En el número tres estaba la sede central de la Compañía eléctrica que regentaba el señor Emiliano, con el que vivía su mujer y su hijo, que también se llamaba Emilianito, aunque ya era un poco mayor para el diminutivo; por allí pasaban todos los días los “luceros”, como llamábamos a los electricistas, a recibir las órdenes del trabajo diario.
Enfrente estaba el caserón de don Víctor Camacho, que era el Teniente de Alcalde. La casa solo estaba dedicada a las tareas agrícolas, allí estaban las cuadras de las caballerías y todos los aperos de labranza y las cámaras para almacenar los productos recolectados. Allí llegaban todas las mañanas los peones dirigidos por Gonzalo Jiménez, que además de capataz era un hombre muy amable e instruido y que tenía fama de ser poeta.

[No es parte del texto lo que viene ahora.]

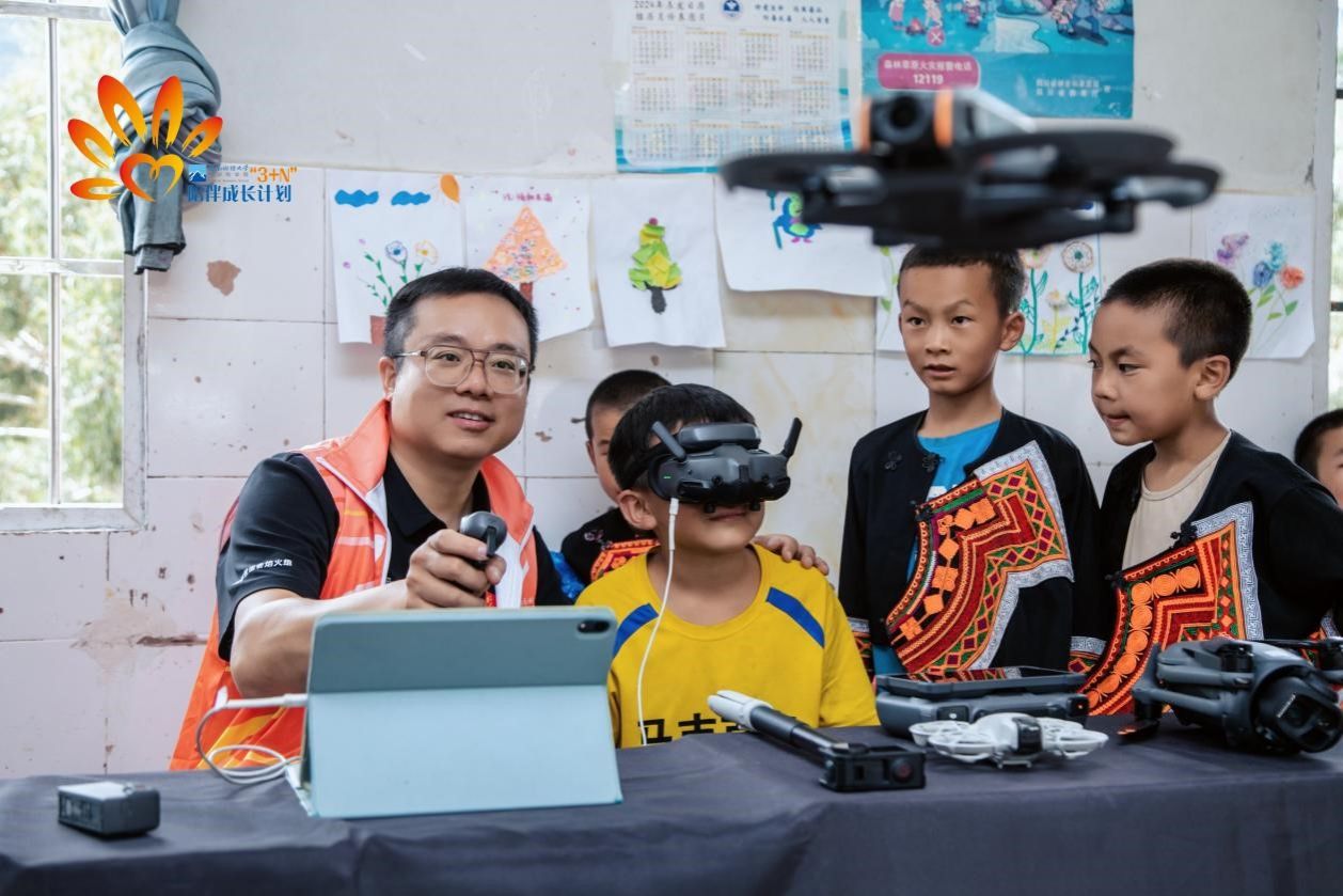 下午举行的“科技嘉年华”将气氛推向高潮。AI机器人灵活舞动,无人机腾空而起,孩子们佩戴VR设备“飞越”家乡,惊喜地发现“学校像一颗镶嵌在山里的星星”。在欢乐中激发了孩子们对科技的兴趣与向往。

A continuación estaba la casa donde vivían doña Matilde y don Ramón, los dos maestros, que además daban clases particulares en su casa, donde iban llegando los alumnos, la mayoría niñas, después que terminaba el colegio de los Grupos.
Y enfrente, en el número 5 estaba la Posada. Mi casa y la casa familiar de los Carrasco. Antes, desde mediados del siglo XIX, había sido posada y el caserón tenía la estructura apropiada para este fin. Un patio central con unos porches sustentado por columnas de piedra y zapatas de madera, que hacían recordar a las ventas manchegas que se describían en el Quijote. Después se repartiría en cinco viviendas para los cinco hijos de Francisco Carrasco y su viuda Catalina González, que la regentó hasta el primer cuarto del siglo XX.
Y allí, en la posada, era el sitio ideal para los juegos de todos los niños de la calle Morata. El patio, las corralizas, las leñeras, los pajares y la cueva nos ofrecían todos las características necesarias para organizar nuestros juegos del escondite; para subirnos a las higueras y para escalar por las tapias para “espiar” el jardín de la casa de la marquesa, que aunque estaba deshabitada, alentaba nuestra imaginación para inventarnos aventuras en aquella casa sugerente y realmente desconocida. Desde las corralizas podíamos acceder al recinto del lavadero del Pilar, de donde nos mandaban subir el agua hasta los tinillos de las cuadras para que bebieran las caballerías.
Allí también, en la puerta, era donde se formaban las tertulias veraniegas; allí se reunían las mujeres sentadas en sus asientos de enea, mientras lo niños jugábamos a su alrededor.
En el número siete vivían Ramon Mesegar y Maria, hasta que se marcharon a vivir a Madrid.
A continuación estaba la casa de la Marquesa, que como he dicho, mientras nosotros vivimos allí, estuvo deshabitada y los niños decíamos que podía estar encantada.
Y ya, en la entrada de la calle de los Molinos Baja, estaba la casa de don Marcial el médico, donde vivían varios vecinos, y justo enfrente estaba la tienda de la señora Filomena y Pablo, su marido. Era una especie de mercería, donde también vendían juguetes, aunque casi nunca había nadie comprando. Era una pareja muy amable; no tenían hijos y debían vender lo suficiente para sobrevivir los dos solos. Nosotros les llamábamos la señora Filomena y el señor Pablo, y es que en Chinchón, a los agricultores se les daba el tratamiento de “tío”, a los “artistas” o sea a los comerciantes, empleados y funcionarios se les aplicaba el “señor” y solo a los médicos, farmacéuticos, profesionales y a los curas se les aplicaba el “don”.
La calle de Morata era mi barrio de chico, aunque también la plaza era nuestro patio de recreo y donde nos reuníamos con los de los otros barrios para jugar.
Yo no sé porque hoy me he acordado de aquellos tiempos, y es que debe ser que, como ya soy mayor, uno ya vive mucho de los recuerdos. Debe ser.